Keith Gill, aka Roaring Kitty, aka DeepF—–gValue, aka the slayer of short-sellers, is suddenly one of the most influential stock pickers in America.

After heinspired a dizzying 400% rally in GameStop Corp. that shook Wall Street this past week, Gill has built a legion of passionate followers on Reddit and YouTube who gush over how he made them — at least temporarily — rich.
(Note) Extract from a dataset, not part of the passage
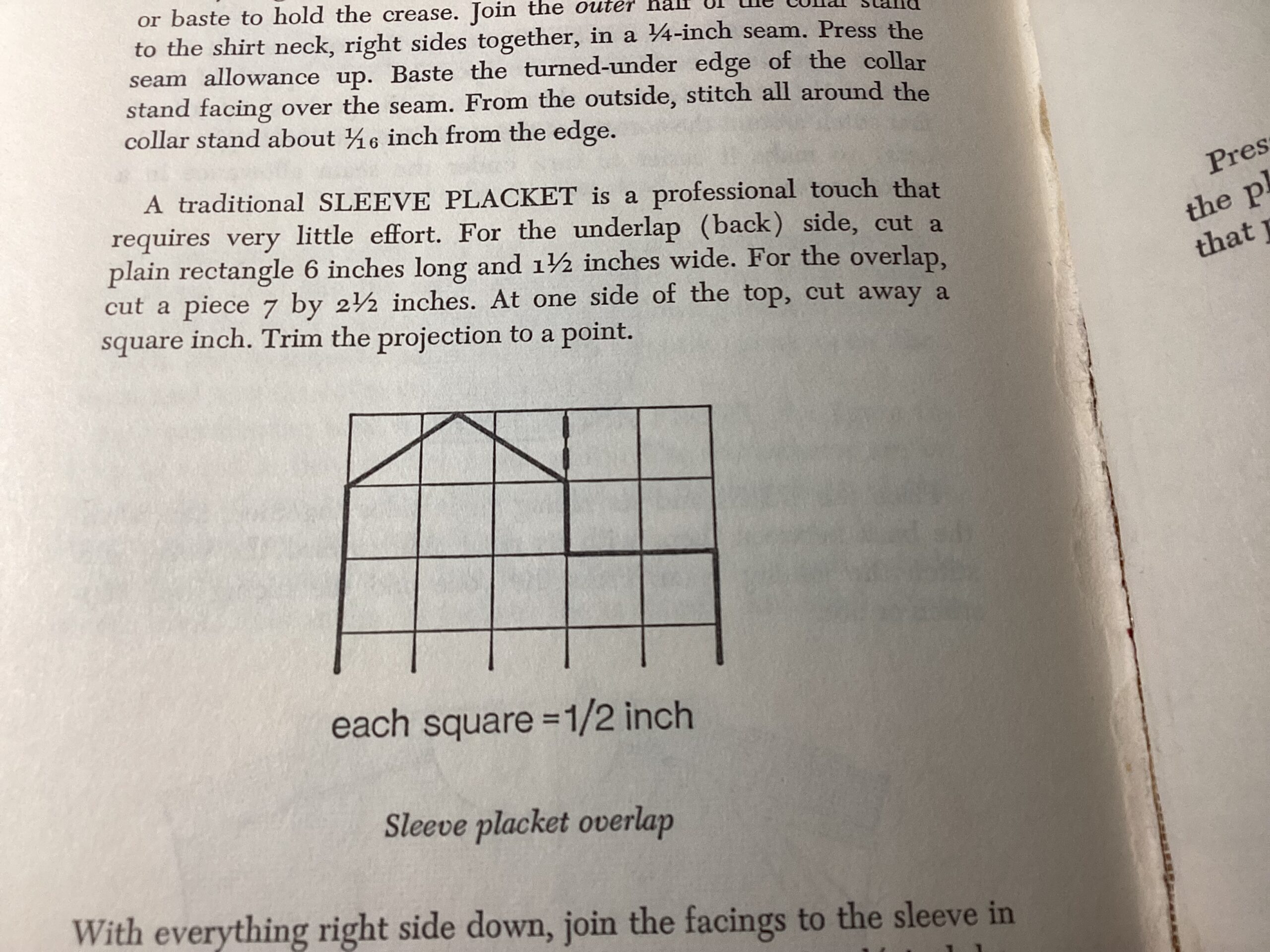 Placket: underlap. 6 “x1.5” 15.24 x 3.8 cm

Now, knowing what other stocks, or kinds of stocks, he likes is a matter of investor interest.

Dressed in the kind of ironic, tacky cat themed t-shirts you’d expect to see hanging in a Jersey shore boardwalk shop, the 34-year-old former marketer for Massachusetts Mutual Life Insurance Co. appears on YouTube videos that provide a view into the investing process he uses to target annual gains of 50% to 100%. The posterchild for an online army of traders that tends to ignore value when making picks pursues an approach that’s traditional at its core.       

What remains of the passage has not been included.